Work instruction ▸ Your answer must be the full listing, reproduced exactly, minus any pictures.

Given material ▸
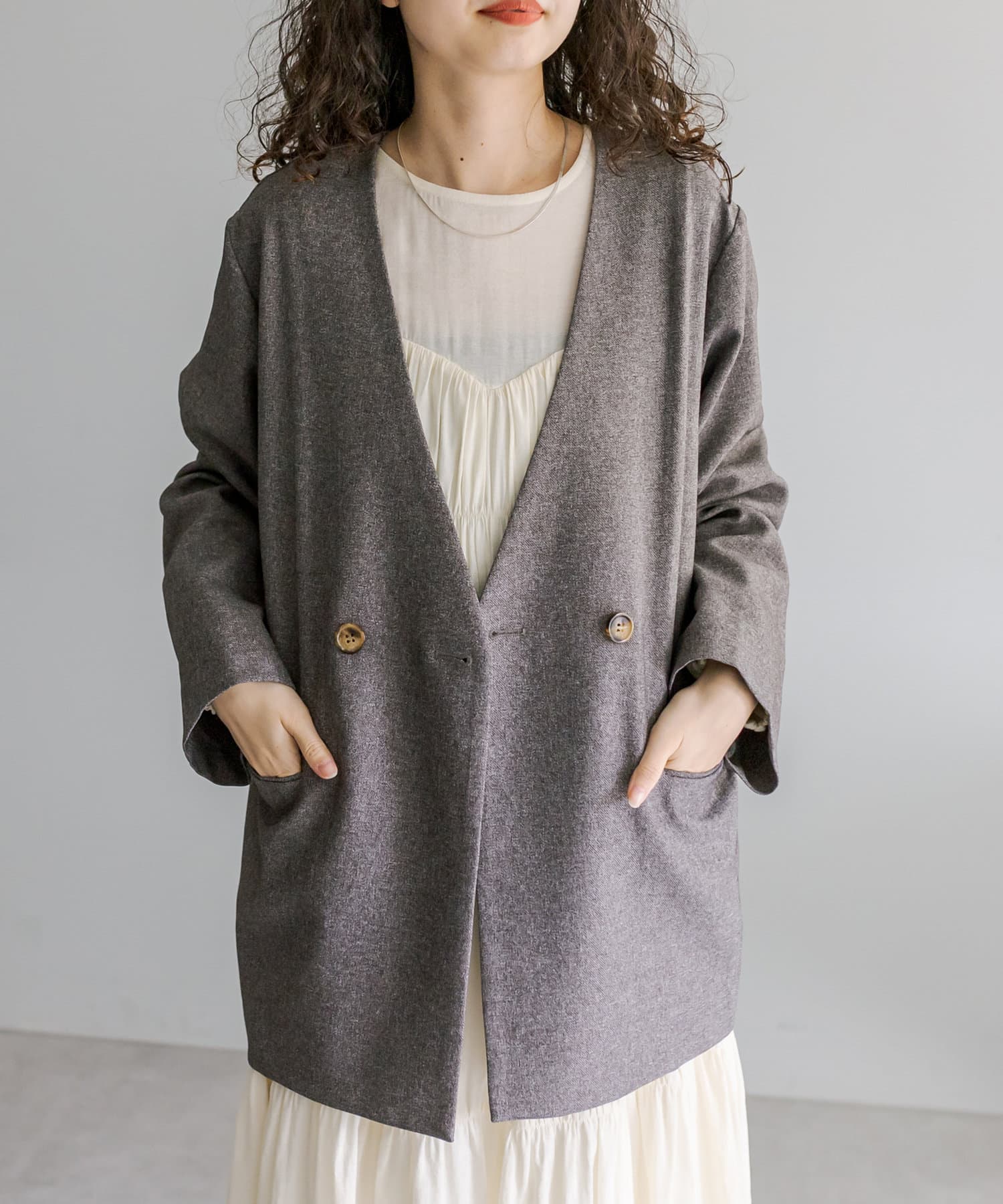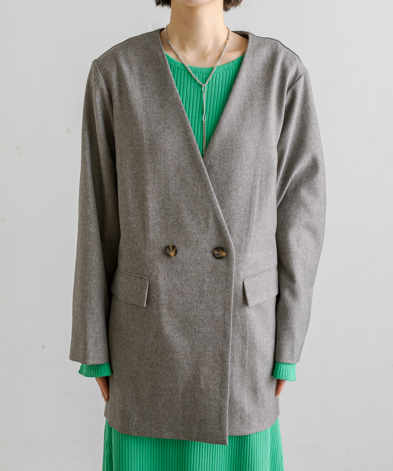 ・定番で使いやすいノーカラーデザインのジャケット。
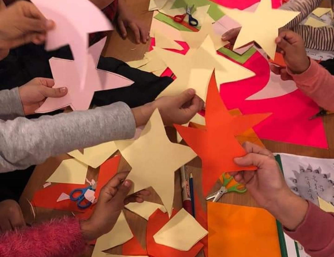 Kreativität, Gestalten, Materialien, Zusammenarbeit, Fantasie, Handwerk, Freude.
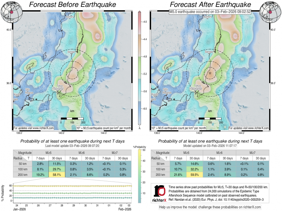 Earthquake Forecast following M5 offshore east Honshu, Japan
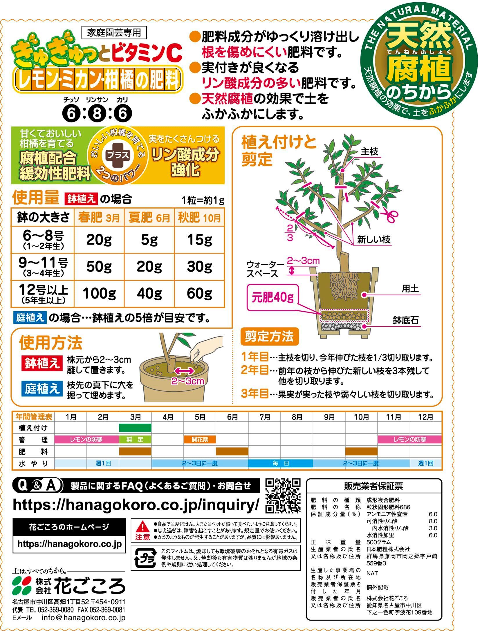 【限定セール】花ごころ レモン・ミカン・柑橘の肥料 花付き、実付きが良くなるリン酸多め 500g

Exercise output ▸
 ・定番で使いやすいノーカラーデザインのジャケット。
 Kreativität, Gestalten, Materialien, Zusammenarbeit, Fantasie, Handwerk, Freude.
 Earthquake Forecast following M5 offshore east Honshu, Japan
 【限定セール】花ごころ レモン・ミカン・柑橘の肥料 花付き、実付きが良くなるリン酸多め 500g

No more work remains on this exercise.